Thursday, October 16, 2003

Text Mining and Web Log Analysis

"With the aid of text mining, Michael N. Liebman, a research director at the University of Pennsylvania, is exploring whether bearing a child later in life has any link to postmenopausal diseases."

"Text-mining programs, unlike search engines that display lists of documents that contain certain keywords, go further, categorizing information, making links between otherwise unconnected documents and providing visual maps (some look like tree branches or spokes on a wheel) to lead users down new pathways that they might not have been aware of."

"Currently these programs are used by academic researchers and companies, but information scientists expect that to change. Lower-cost text-mining tools eventually will be offered to ordinary people who want to dig into medical or political issues using public documents. Madan Pandit, an expert in text analysis in Bangalore, India, who runs a Web site called K-Praxis (, has suggested that text mining could help people make sense of voluminous documents that are already on the Web, like the 858-page report on the congressional inquiry into intelligence failures regarding the 9/11 terrorist attacks."

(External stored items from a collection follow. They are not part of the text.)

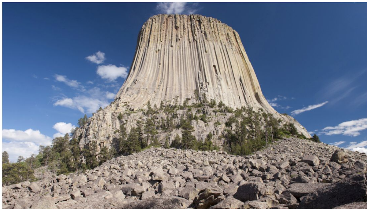
Image 1. Devils Tower in Wyoming formed when molten rock intruded into the existing rocks. Wind and water eroded the sedimentary rock surrounding the tower faster than the harder igneous rock, creating the Tower's iconic shape.

Rocks are very common. You may not think too much about them. Yet rocks are more important than you may know! They contain clues about what Earth was like long ago. Rocks can help scientists understand how our planet has changed in the past. They can also hint at the ways it may change in the future.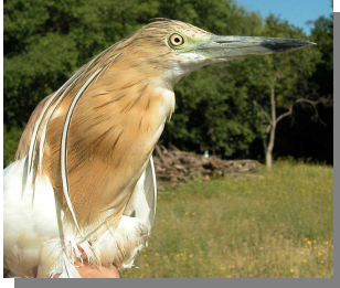
Squacco Heron. Adult: breast pattern (26- VII).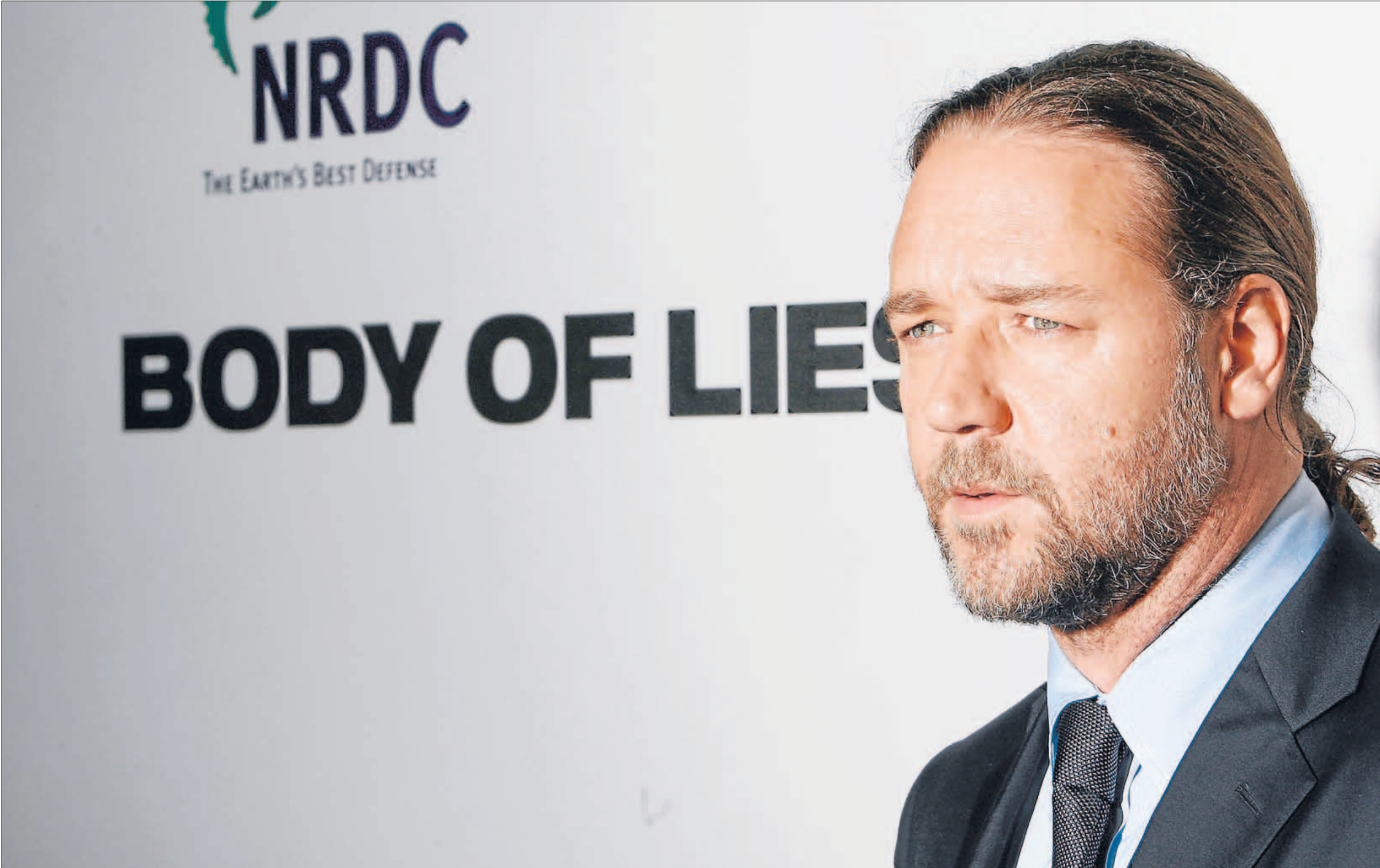
Peaceful man: Russell Crowe at the premiere of his new film, Body of Lies .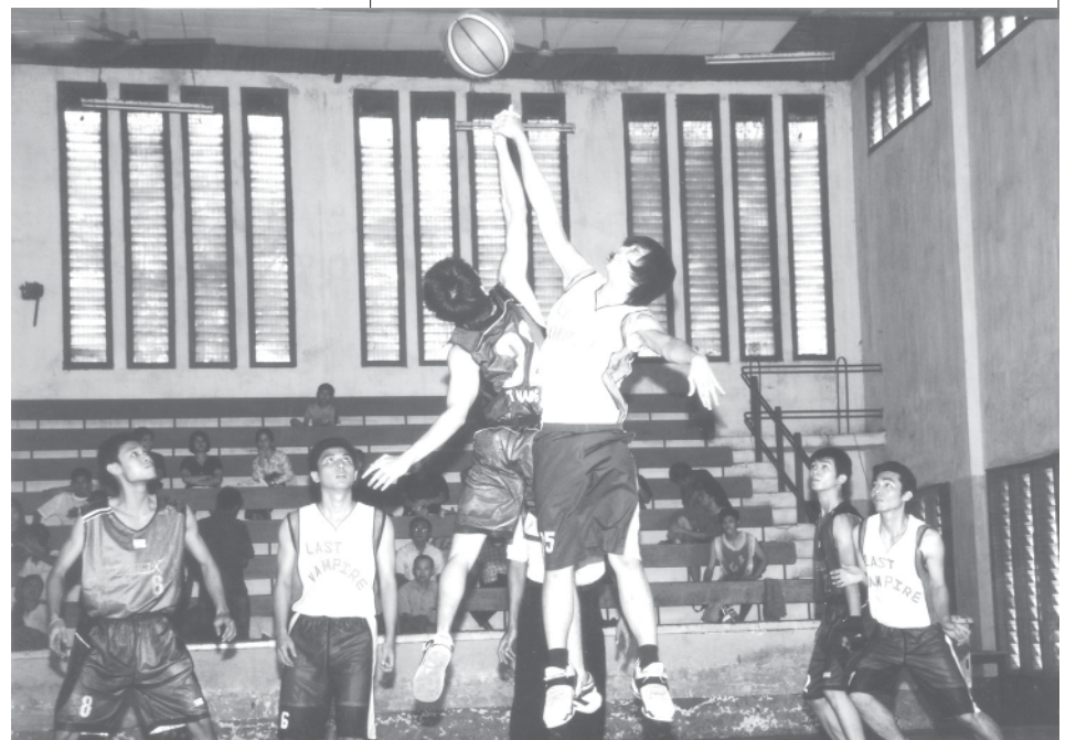
Last Vampire and Project-X fighting for a ball in Horizon League Basketball Tournament.— NLM

NAY PYI TAW, 26 Nov — The special Appellate Bench comprising Deputy Chief Justice of Supreme Court U Htun Htun Oo, Supreme Court Judges of Supreme Court (Yangon) Dr Tin Aung Aye and U Han Shein sitting at Court No (1) of the Supreme Court (Nay Pyi Taw), delivered judgement of (Five) special Appeal cases. And then four special Civil Appeal cases under section 7 of the Judiciary law, 2000 were heard.— MNA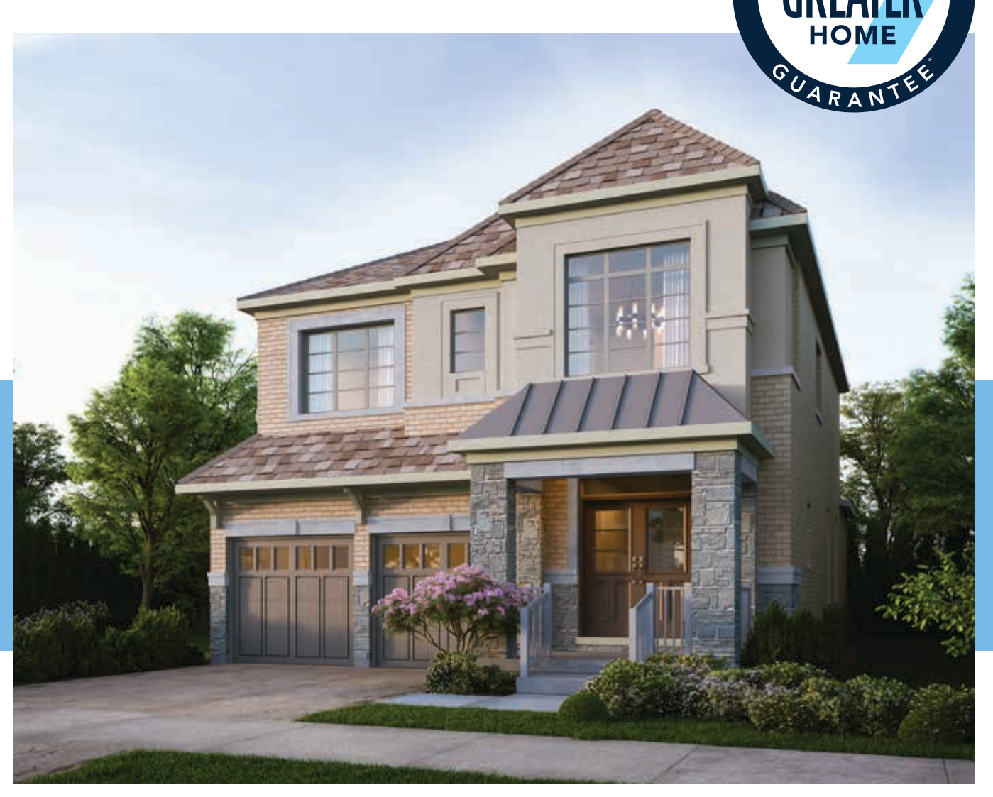
Elevation B - 2,995 sq. ft.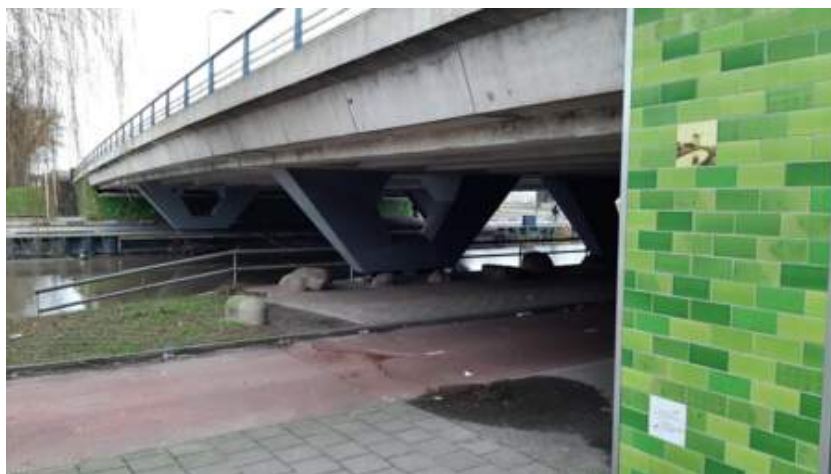
Side view of the bridge and drawings with indications of GPR data collection

The municipality of Utrecht wanted to redesign a road containing a small bridge, where some light poles had to be moved. Screening Eagle's customer, Ten Thije, was contracted to check whether the new locations for the light poles contained prestressing reinforcement.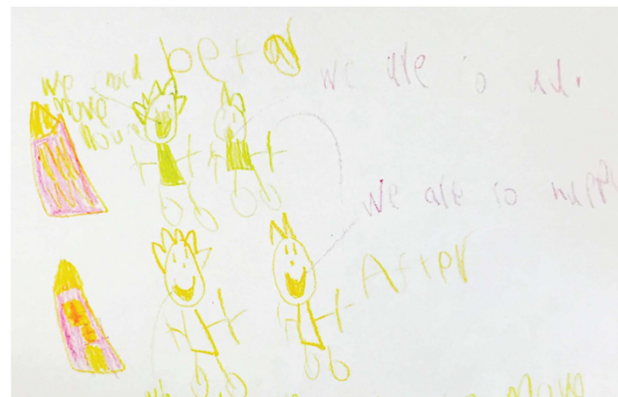
Figure 3 A picture showing the child's family before and after the intervention. In the before picture, the child has written by an image of his home 'we are so sad' and in the after picture the child has written 'we are so happy'.

perceived that being exposed to families with children affected by life-limiting conditions would upset their children.

As we develop online communities of practice sharing observations and daily discoveries through such technologies as web logs, text mining tools could prove invaluable in analyzing disparate findings and pointing out possible relationships and new paths of inquiry. Although the two products mentioned in the article, Clear Forest and SPSS offer products in the $75,000 and up range, less expensive products are already in development. Products like PolyAnalyst from Megaputer provide taxonomy-based categorization for approximately $2,100 (education pricing). Netica's Bayesian network tools can be purchased for as little as $285 (education pricing). Perhaps the ultimate solution will be a hybrid of some of these programs.